The impact is mainly about data exposure. In a WordPress context, that could include sensitive database content depending on the site's configuration, installed plugins, stored customer data, and database permissions.

The important condition: WooCommerce history matters

There is one major limitation: this vulnerability is only exploitable if WooCommerce was previously used and then deactivated. NVD and Wordfence both note this condition.

That detail is important because some site owners may assume they are safe simply because WooCommerce is not currently active. However, the issue may still apply if WooCommerce had been installed and used in the past.

For agencies and administrators, this means the safest approach is not just to ask, "Is WooCommerce active right now?" Instead, ask: has this site ever used WooCommerce, and is Avada Builder running version 3.15.1 or older?

Affected versions

The vulnerable versions are Avada Builder 3.15.1 and earlier.

Wordfence lists the issue as patched, and public reporting indicates users should update to a newer fixed version. TechRadar, summarizing Wordfence's disclosure, reported that users should update to Avada Builder 3.15.3 or newer.

What attackers could gain

Because this is a time-based SQL injection, an attacker may not immediately receive database output directly in the page response. Instead, the attacker can infer information based on how long the database takes to respond.

That sounds slower and less dramatic than a direct data dump, but it can still be dangerous. Time-based SQL injection can be used to gradually extract sensitive information from a database, including data that should never be exposed to public users.

Wordfence's advisory states that the flaw can allow unauthenticated attackers to extract sensitive information from the database.

What site owners should do now

The most important step is simple: update Avada Builder immediately.

If you manage a WordPress site using Avada Builder, check the installed version. If it is 3.15.1 or older, treat it as vulnerable. Public reporting recommends updating to 3.15.3 or newer.

You should also:

  • Check whether WooCommerce was ever installed. Even if WooCommerce is currently disabled, the site may still meet the condition required for exploitation.
  • Review web server and security logs. Look for unusual requests involving product_order, suspicious query strings, repeated delayed responses, or probing behavior.
  • Rotate sensitive credentials if compromise is suspected. If logs suggest exploitation, rotate database credentials, WordPress admin passwords, API keys, and any secrets stored in configuration files or plugins.
  • Use a web application firewall. A WAF can help block common SQL injection attempts, but it should not be treated as a replacement for patching.
  • Remove unused plugins and old e-commerce data. Deactivated plugins, leftover tables, and abandoned features can still create risk. Keep the WordPress environment clean.
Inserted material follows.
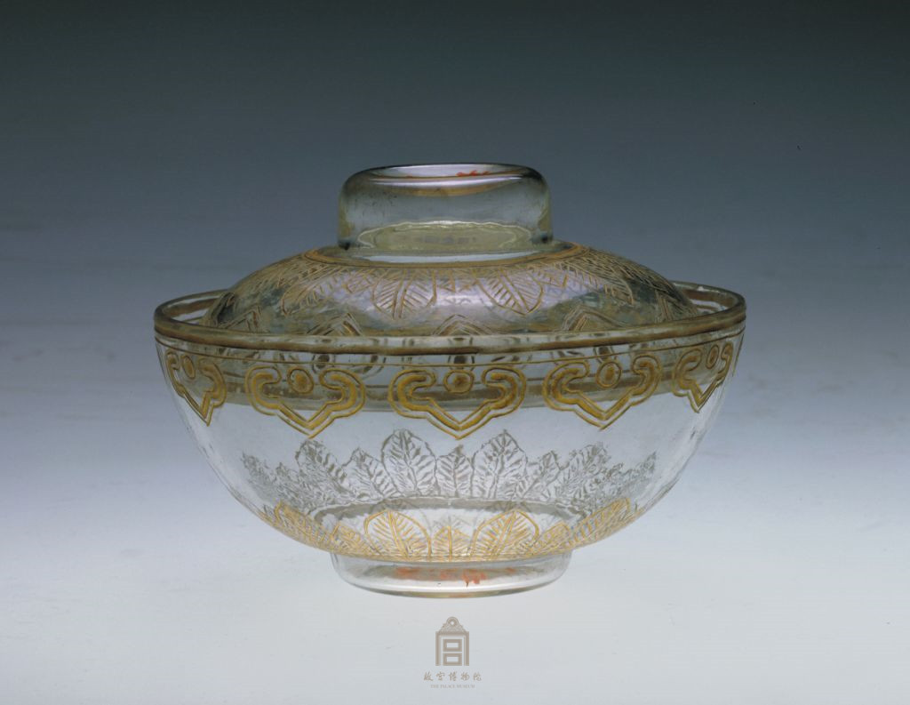 中华文博之玻璃器32--透明玻璃戗金盖碗 |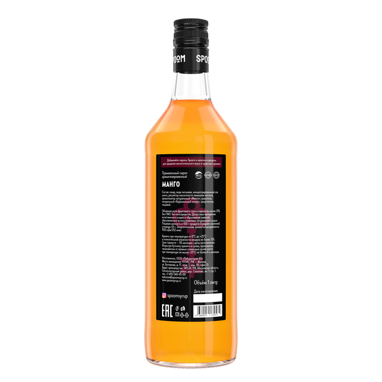 | Сахар, вода питьевая, концентрированный сок манго, регулятор кислотности лимонная кислота, натуральный ароматизатор «Манго», натуральный краситель «Карамельный колер», пищевой замутнитель растительного происхождения; Объёмная доля фруктового сока в сиропе не менее 25% |

Why this vulnerability is a good security lesson

CVE-2026-4798 is a useful reminder that vulnerabilities often appear at the intersection of multiple components. This issue affects Avada Builder, but its exploitability depends on WooCommerce having been used previously.

That is common in real-world WordPress environments. Sites change over time. Plugins get installed, tested, replaced, and deactivated. Old features leave behind database tables, settings, shortcodes, and code paths that may still influence security later.

The lesson is clear: a WordPress security review should look at the site's history, not only its current plugin screen.

Final thoughts

CVE-2026-4798 is not just another plugin vulnerability. It is a high-severity unauthenticated SQL injection issue in a widely used WordPress builder. While exploitation depends on a specific WooCommerce-related condition, many real sites may still meet that condition because WooCommerce is commonly installed, tested, and later removed.

If your site uses Avada Builder, check your version now. Update to a fixed release, review whether WooCommerce was ever used, and examine logs for suspicious activity.